Recorded data:
-- Opening Marker --

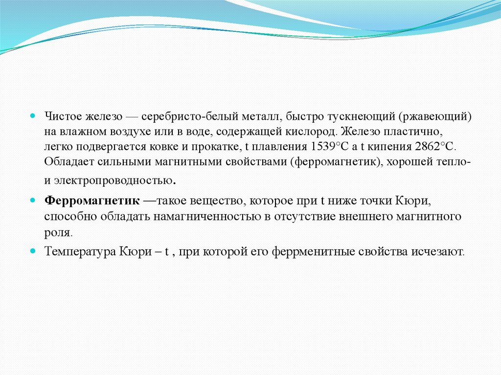 Чистое железо — серебристо-белый металл, быстро тускнеющий (ржавеющий)на влажном воздухе или в воде, содержащей кислород. Железо пластично,
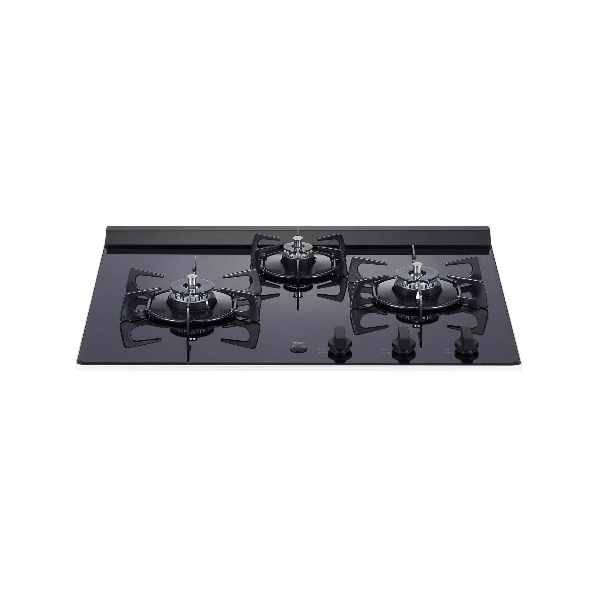 システムキッチンに適した3口タイプのグリルレスガスコンロです。トップ面がフラットな黒いガラス製でできており、このシンプルなデザインでお手入れしやすいのが特徴。
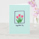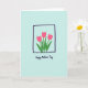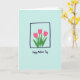This design shows a calm, minimal illustration centered on three stylized flowers in bright pink, their pointed petals leaning toward one another like close friends sharing a quiet moment ❤️. Deep green leaves curl and sway beneath them, adding a gentle sense of movement and closeness. The flowers sit inside a dark indigo square outline that’s slightly uneven, giving it a relaxed, human-drawn look. Behind everything is a smooth, pale aqua background that keeps the scene airy while making the pink and green stand out. Below the framed flowers, a short Mother’s Day message is placed near the bottom in a dark, handwritten-style lettering, centered and easy to spot 🌼. The simple shapes and soft spacing leave plenty of breathing room, while the clustered blooms suggest warmth through their tender, gathered pose. A thin indigo frame surrounds the floral trio, with the pale aqua field filling the rest of the front.
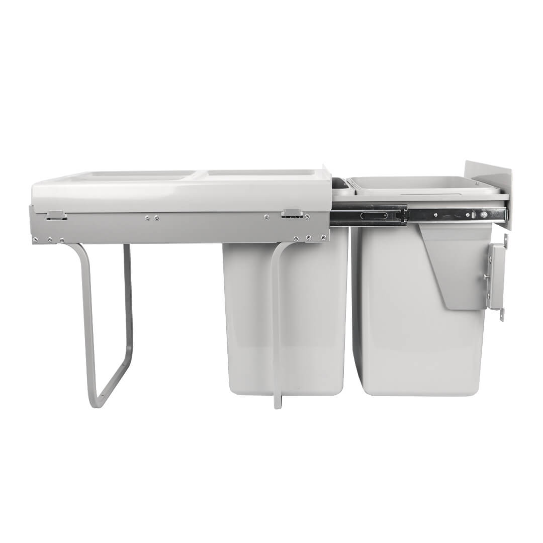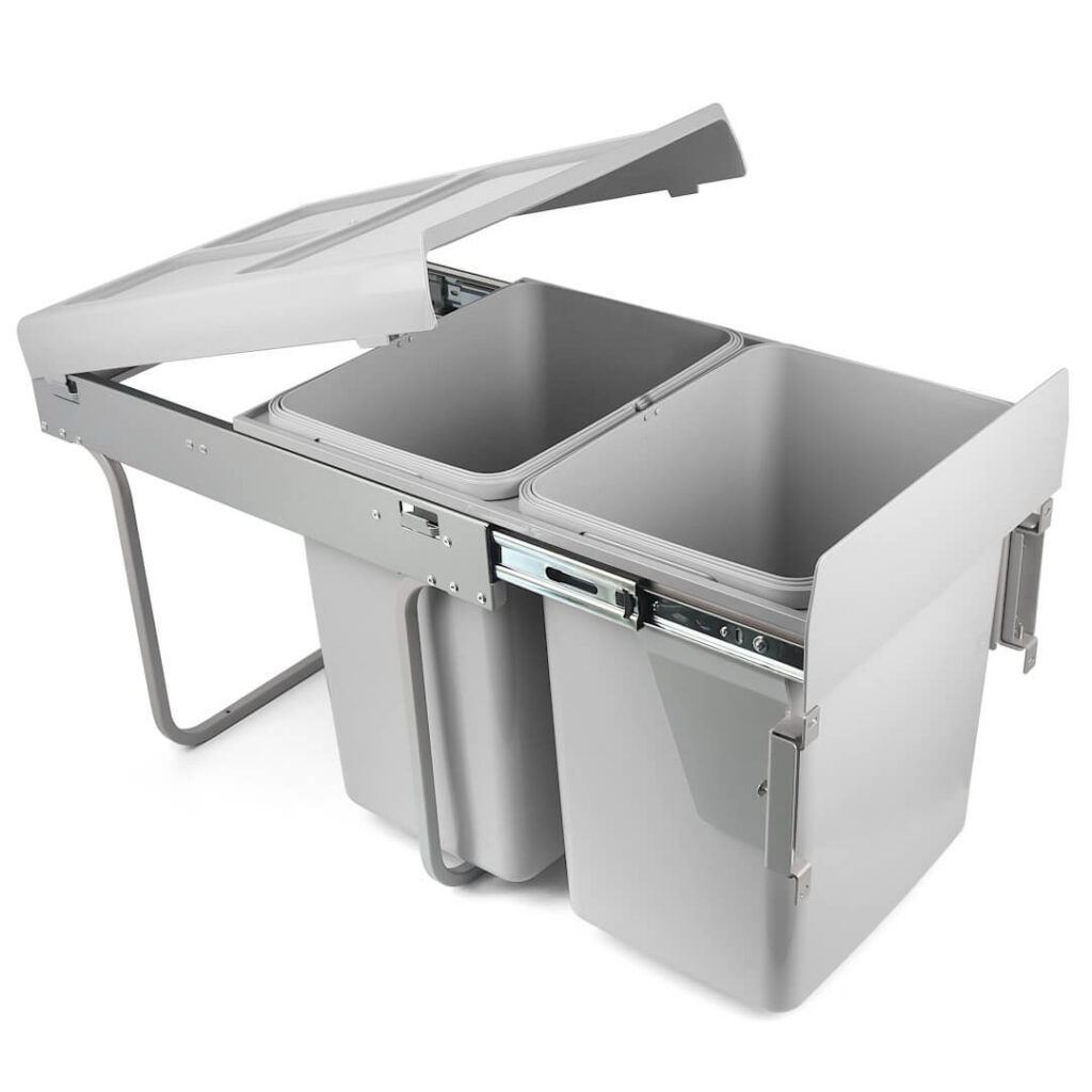 Prezentowany sortownik na śmieci został zaprojektowany specjalnie do szafek o szerokości wnęki min 40 cm (szerokość zewnętrzna szafki przy zastosowaniu boków z plyty 18mm).Jedną z głównych cech kosza jest pokrywa zbiorcza, która utrzymuje zapachy i nieprzyjemne widoki wewnątrz kosza. Kosz wyposażony jest również w dwa pojemniki o pojemności 2×20 litrów, co umożliwia łatwą segregację odpadów. Dzięki odpornym prowadnicom z wbudowanym systemem cichego domyku , kosz zamyka się bezgłośnie łagodnie i płynnie. Sortownik, kosz na śmieci Maxima mocowany bezpośrednio do frontu szafki dzięki załączonym mocowaniom .W zestawie znajdują się również akcesoria montażowe, które ułatwiają instalację kosza w szafce.Sortownik jest idealnym rozwiązaniem dla osób poszukujących praktycznego i estetycznego sposobu na skuteczną segregację odpadów w kuchni. Jego funkcjonalności sprawiają, że jest to doskonały wybór dla każdego, kto chce utrzymać porządek i dbać o środowisko.
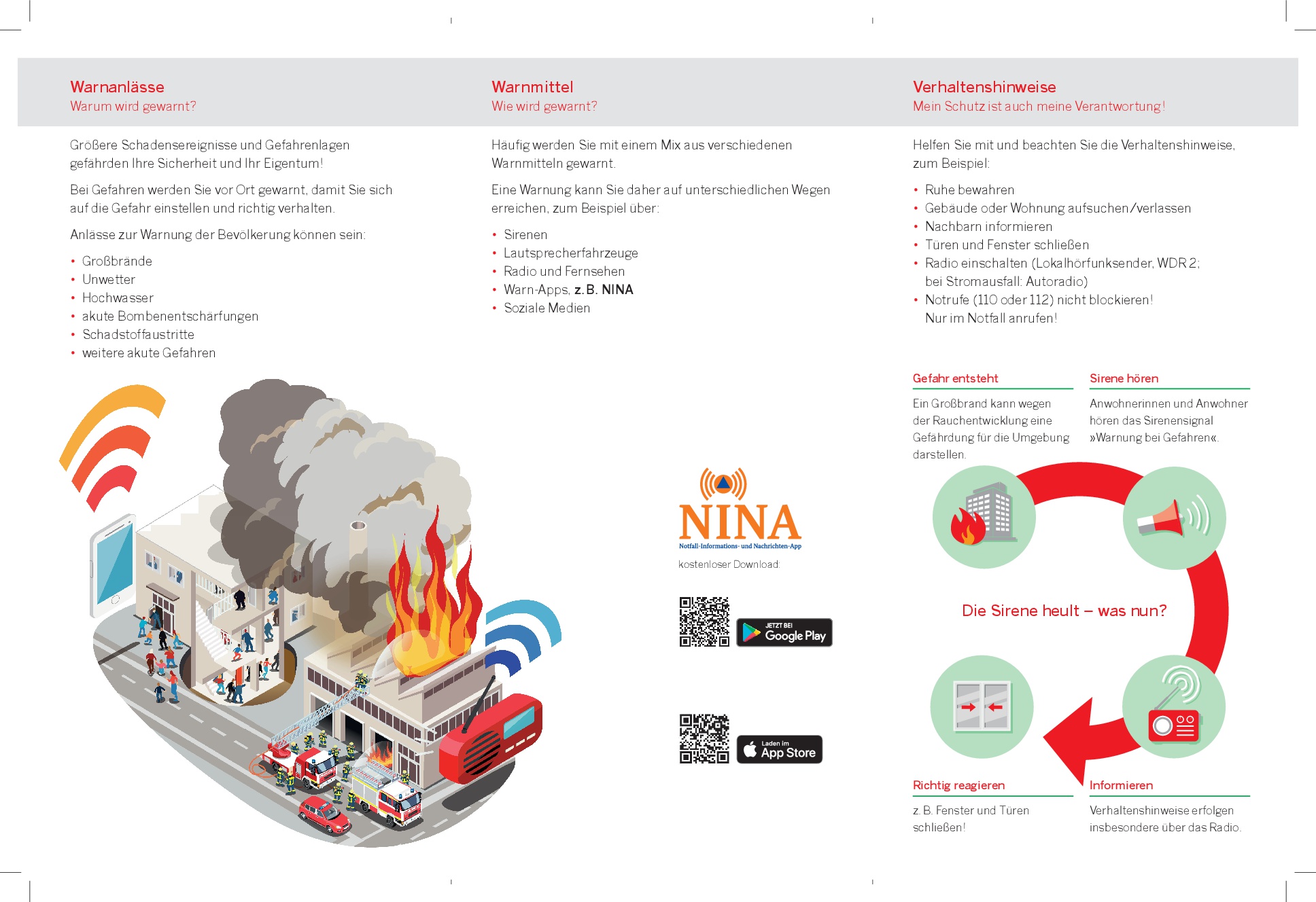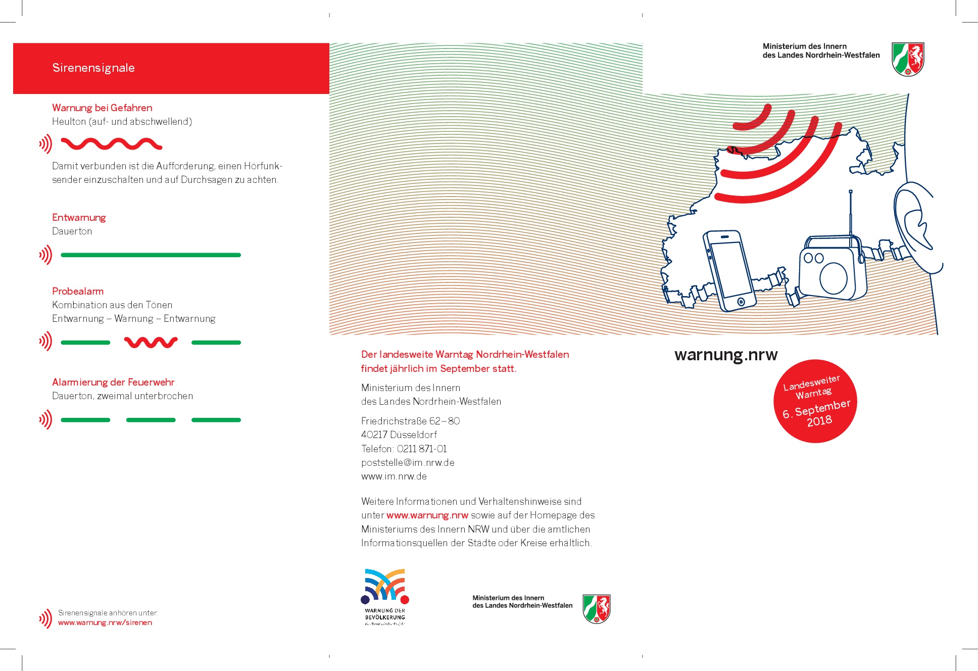 Am 6. September 2018 findet zum ersten Mal der landesweite Warntag statt. Dabei werden in ganz Nordrhein-Westfalen sämtliche Warnmittel erprobt. Um 10 Uhr werden zeitgleich in allen Kommunen die örtlichen Warnkonzepte getestet. Dazu zählen beispielsweise Sirenen. Mit der Warn-App „NINA“ (Notfall-Informations- und Nachrichten-App des Bundes) wird landesweit eine Probewarnmeldung versendet. Außerdem wird es Lautsprecherdurchsagen aus Warnfahrzeugen geben.
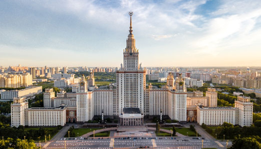 On a le bâtiment principal de l’Université Lomonossov, commencé en 1949 et fini en 1953, faisant 240 mètres de haut avec 36 étages, avec l’emploi de 40 000 tonnes d’acier. Cela resta le bâtiment le plus haut d’Europe jusqu’en 1990.
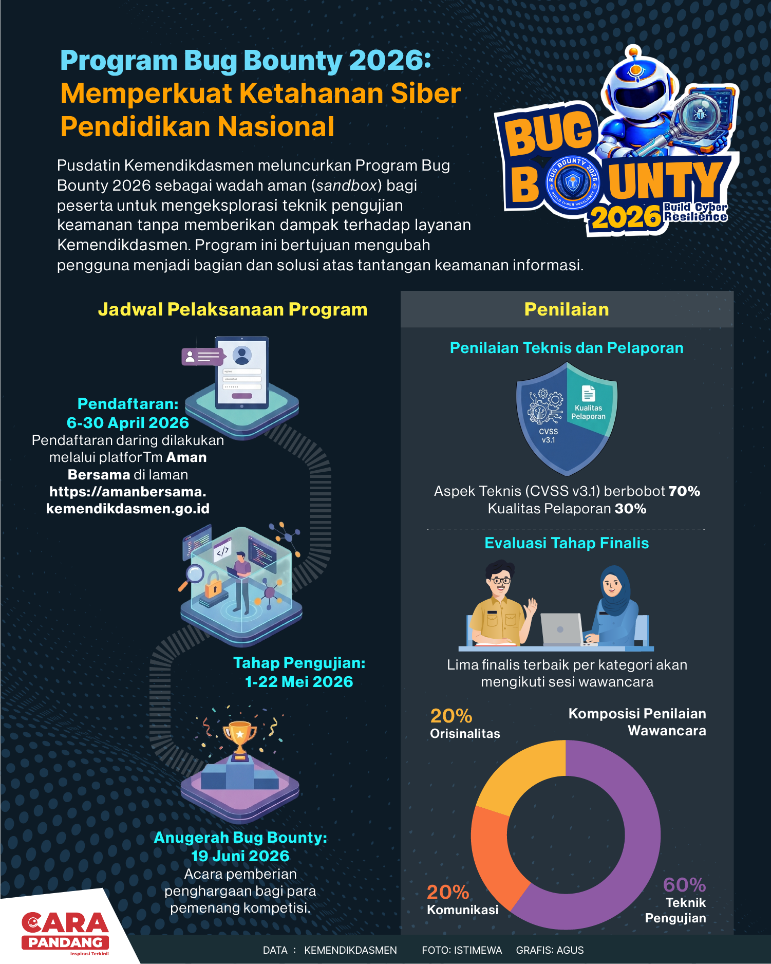 Beranda Infografis Program Bug Bounty 2026, Perkuat Ketahanan Siber Pendidikan Indonesia Infografis Program Bug Bounty 2026, Perkuat Ketahanan Siber Pendidikan Indonesia Penulis Amira Izzati - 15 April 2026 21:44 0 Prgram Bug Bounty 2026, Perkuat Ketahanan Siber Pendidikan Indonesia Tags Berita Sebelumnya Komnas Perempuan: Desak Kasus Dugaan Pelecehan di FH UI diproses Jalur Hukum Berita Berikutnya 3 Tahun Perang Sudan: 59.000 Orang Tewas, Belasan Juta Warga Mengungsi LEAVE A REPLY Cancel reply Comment: Please enter your comment! Name:* Please enter your name here Email:* You have entered an incorrect email address! Please enter your email address here Website: Save my name, email, and website in this browser for the next time I comment. Berita Teratas Cara Tidur Ala Rasulullah, Bagus untuk Kesehatan! Mengunjungi Museum Lokananta di Surakarta, Jawa Tengah Pengamat: Melihat Kebijakan WFH Pada Hari Jumat Sebagai langkah positif Biografi B.J Habibie: Bapak Teknologi Indonesia yang Hebat dan Mengharumkan Nama Bangsa Chrisye: Sang Legenda Musik Indonesia,Inspiratif dan Tak Pernah Padam Ditelan Waktu Berita Terkait Berita Terkait Kolaborasi Tingkatkan Kemampuan Literasi dan Numerasi Siswa Zoel Rachman - 16 April 2026 11:26 Rapor Biru Kinerja Kabinet Merah Putih Maliq - 15 April 2026 14:46 Makin Ugal-ugalan Kini BGN Gelontorkan 6,9 Miliar untuk Belanja Kaos Kaki Zoel Rachman - 13 April 2026 07:53 Wajah Baru PP Tunas: Garda Terdepan Perlindungan Anak Indonesia Zoel Rachman - 31 Maret 2026 09:42

-- Closing Marker --

Prompt
Starting at the first line of the records above, set down each line exactly through the one that holds "This design shows". Omit pictures.

Answer box
 Чистое железо — серебристо-белый металл, быстро тускнеющий (ржавеющий)на влажном воздухе или в воде, содержащей кислород. Железо пластично,
 システムキッチンに適した3口タイプのグリルレスガスコンロです。トップ面がフラットな黒いガラス製でできており、このシンプルなデザインでお手入れしやすいのが特徴。
This design shows a calm, minimal illustration centered on three stylized flowers in bright pink, their pointed petals leaning toward one another like close friends sharing a quiet moment ❤️. Deep green leaves curl and sway beneath them, adding a gentle sense of movement and closeness. The flowers sit inside a dark indigo square outline that’s slightly uneven, giving it a relaxed, human-drawn look. Behind everything is a smooth, pale aqua background that keeps the scene airy while making the pink and green stand out. Below the framed flowers, a short Mother’s Day message is placed near the bottom in a dark, handwritten-style lettering, centered and easy to spot 🌼. The simple shapes and soft spacing leave plenty of breathing room, while the clustered blooms suggest warmth through their tender, gathered pose. A thin indigo frame surrounds the floral trio, with the pale aqua field filling the rest of the front.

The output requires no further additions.